Problem — Start at the line in the entries below that contains "Bring sleek style", stop at the line that contains "需要注意,设置框会提示表面的", and output exactly the lines in that span, both ends included.

--- Records shown ---

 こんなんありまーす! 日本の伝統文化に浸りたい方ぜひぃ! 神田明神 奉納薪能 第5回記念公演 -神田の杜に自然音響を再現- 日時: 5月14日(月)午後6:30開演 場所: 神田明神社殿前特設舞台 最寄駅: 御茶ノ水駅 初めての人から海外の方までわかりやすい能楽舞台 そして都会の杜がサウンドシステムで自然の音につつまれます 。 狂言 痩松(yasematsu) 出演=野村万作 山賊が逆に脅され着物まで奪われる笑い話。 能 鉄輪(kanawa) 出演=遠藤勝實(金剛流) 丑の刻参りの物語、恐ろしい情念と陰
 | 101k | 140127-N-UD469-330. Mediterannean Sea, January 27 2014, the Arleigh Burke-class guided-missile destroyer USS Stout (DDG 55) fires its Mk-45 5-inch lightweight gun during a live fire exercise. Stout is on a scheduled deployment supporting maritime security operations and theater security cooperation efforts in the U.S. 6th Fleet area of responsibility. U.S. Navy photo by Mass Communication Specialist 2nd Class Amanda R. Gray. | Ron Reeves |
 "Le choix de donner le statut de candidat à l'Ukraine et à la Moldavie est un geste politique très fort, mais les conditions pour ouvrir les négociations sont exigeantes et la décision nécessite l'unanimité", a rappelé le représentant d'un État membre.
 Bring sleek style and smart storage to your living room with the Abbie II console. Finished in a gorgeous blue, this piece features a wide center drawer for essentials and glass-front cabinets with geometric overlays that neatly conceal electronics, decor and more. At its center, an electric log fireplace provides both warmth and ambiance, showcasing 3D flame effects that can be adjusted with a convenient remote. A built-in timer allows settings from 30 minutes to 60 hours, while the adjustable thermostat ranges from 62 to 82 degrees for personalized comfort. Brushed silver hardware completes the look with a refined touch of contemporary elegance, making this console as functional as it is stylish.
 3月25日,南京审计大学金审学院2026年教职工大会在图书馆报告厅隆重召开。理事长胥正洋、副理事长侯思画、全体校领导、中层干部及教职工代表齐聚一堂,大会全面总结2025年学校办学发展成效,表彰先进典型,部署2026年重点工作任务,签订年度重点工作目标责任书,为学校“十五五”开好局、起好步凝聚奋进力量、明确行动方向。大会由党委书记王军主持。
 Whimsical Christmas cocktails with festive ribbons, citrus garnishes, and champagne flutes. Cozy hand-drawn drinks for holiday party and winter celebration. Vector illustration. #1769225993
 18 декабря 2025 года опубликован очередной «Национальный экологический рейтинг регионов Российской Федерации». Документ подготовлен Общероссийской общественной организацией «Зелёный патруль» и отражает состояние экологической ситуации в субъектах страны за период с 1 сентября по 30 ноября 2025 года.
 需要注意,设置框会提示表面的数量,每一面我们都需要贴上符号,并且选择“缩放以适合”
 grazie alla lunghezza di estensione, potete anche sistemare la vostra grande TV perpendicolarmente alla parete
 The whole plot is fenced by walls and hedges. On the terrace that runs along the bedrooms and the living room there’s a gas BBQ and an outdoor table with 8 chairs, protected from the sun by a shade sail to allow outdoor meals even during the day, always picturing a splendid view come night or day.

---
--- Records shown ---

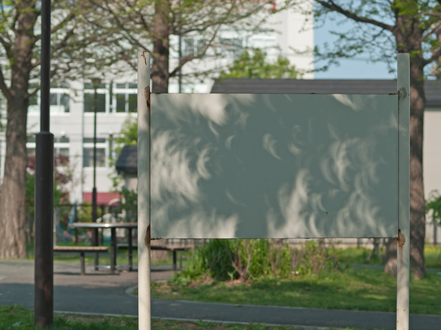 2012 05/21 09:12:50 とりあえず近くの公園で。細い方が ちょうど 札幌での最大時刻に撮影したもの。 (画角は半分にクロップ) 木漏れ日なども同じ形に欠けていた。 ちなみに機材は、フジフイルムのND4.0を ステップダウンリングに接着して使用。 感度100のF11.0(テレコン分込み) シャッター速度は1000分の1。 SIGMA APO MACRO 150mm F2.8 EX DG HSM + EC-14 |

---
--- Records shown ---

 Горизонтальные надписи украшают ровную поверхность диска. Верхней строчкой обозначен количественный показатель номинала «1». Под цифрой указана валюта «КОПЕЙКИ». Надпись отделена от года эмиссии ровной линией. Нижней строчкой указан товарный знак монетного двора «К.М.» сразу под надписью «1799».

---

Solution to the problem —
 Bring sleek style and smart storage to your living room with the Abbie II console. Finished in a gorgeous blue, this piece features a wide center drawer for essentials and glass-front cabinets with geometric overlays that neatly conceal electronics, decor and more. At its center, an electric log fireplace provides both warmth and ambiance, showcasing 3D flame effects that can be adjusted with a convenient remote. A built-in timer allows settings from 30 minutes to 60 hours, while the adjustable thermostat ranges from 62 to 82 degrees for personalized comfort. Brushed silver hardware completes the look with a refined touch of contemporary elegance, making this console as functional as it is stylish.
 3月25日,南京审计大学金审学院2026年教职工大会在图书馆报告厅隆重召开。理事长胥正洋、副理事长侯思画、全体校领导、中层干部及教职工代表齐聚一堂,大会全面总结2025年学校办学发展成效,表彰先进典型,部署2026年重点工作任务,签订年度重点工作目标责任书,为学校“十五五”开好局、起好步凝聚奋进力量、明确行动方向。大会由党委书记王军主持。
 Whimsical Christmas cocktails with festive ribbons, citrus garnishes, and champagne flutes. Cozy hand-drawn drinks for holiday party and winter celebration. Vector illustration. #1769225993
 18 декабря 2025 года опубликован очередной «Национальный экологический рейтинг регионов Российской Федерации». Документ подготовлен Общероссийской общественной организацией «Зелёный патруль» и отражает состояние экологической ситуации в субъектах страны за период с 1 сентября по 30 ноября 2025 года.
 需要注意,设置框会提示表面的数量,每一面我们都需要贴上符号,并且选择“缩放以适合”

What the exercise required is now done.